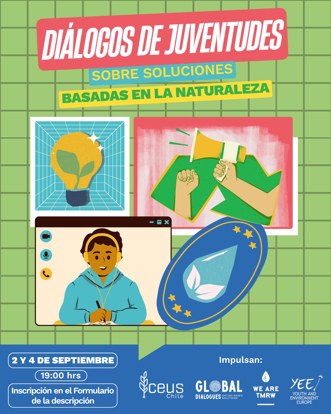 ONG CEUS Chile en el marco del Global Dialogues Project, invita a jóvenes entre los 18 a 35 años de Chile a sumarse al proceso participativo “Diálogos de Juventudes sobre Soluciones Basadas en la Naturaleza” con el objetivo de fortalecer el rol de las juventudes en la acción climática desde un enfoque de justicia socioecológica.
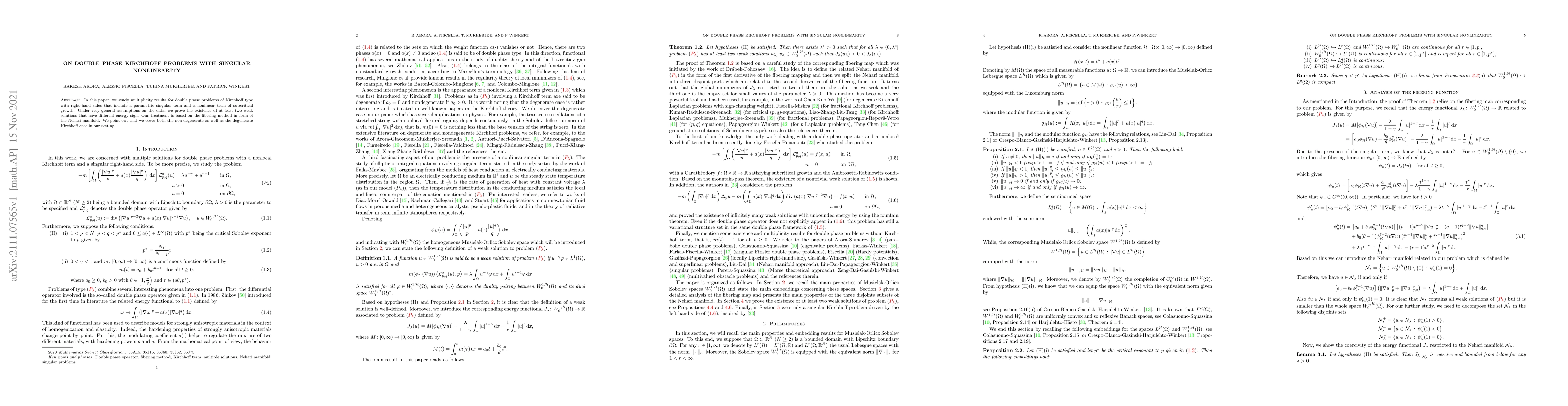 This paper investigates double phase Kirchhoff problems featuring singular nonlinearities and subcritical growth terms. It establishes the existence of at least two distinct weak solutions using the fibering method via the Nehari manifold, covering both non-degenerate and degenerate cases.
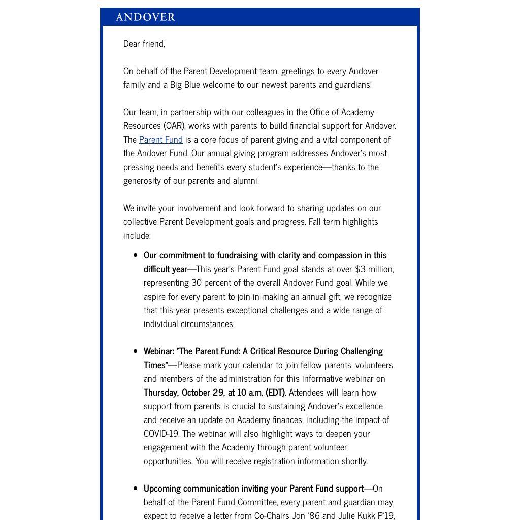- Webinar: “The Parent Fund: A Critical Resource During Challenging Times”—Please mark your calendar to join fellow parents, volunteers, and members of the administration for this informative webinar on Thursday, October 29, at 10 a.m. (EDT). Attendees will learn how support from parents is crucial to sustaining Andover’s excellence and receive an update on Academy finances, including the impact of COVID-19. The webinar will also highlight ways to deepen your engagement with the Academy through parent volunteer opportunities. You will receive registration information shortly.
◆ ◆ ◆ ◆ ◆
◆ YOUR INSTRUCTIONS ◆
All the lines above must be written out exactly, without a single picture.

◆ TASK RESULT ◆
 ONG CEUS Chile en el marco del Global Dialogues Project, invita a jóvenes entre los 18 a 35 años de Chile a sumarse al proceso participativo “Diálogos de Juventudes sobre Soluciones Basadas en la Naturaleza” con el objetivo de fortalecer el rol de las juventudes en la acción climática desde un enfoque de justicia socioecológica.
 This paper investigates double phase Kirchhoff problems featuring singular nonlinearities and subcritical growth terms. It establishes the existence of at least two distinct weak solutions using the fibering method via the Nehari manifold, covering both non-degenerate and degenerate cases.
- Webinar: “The Parent Fund: A Critical Resource During Challenging Times”—Please mark your calendar to join fellow parents, volunteers, and members of the administration for this informative webinar on Thursday, October 29, at 10 a.m. (EDT). Attendees will learn how support from parents is crucial to sustaining Andover’s excellence and receive an update on Academy finances, including the impact of COVID-19. The webinar will also highlight ways to deepen your engagement with the Academy through parent volunteer opportunities. You will receive registration information shortly.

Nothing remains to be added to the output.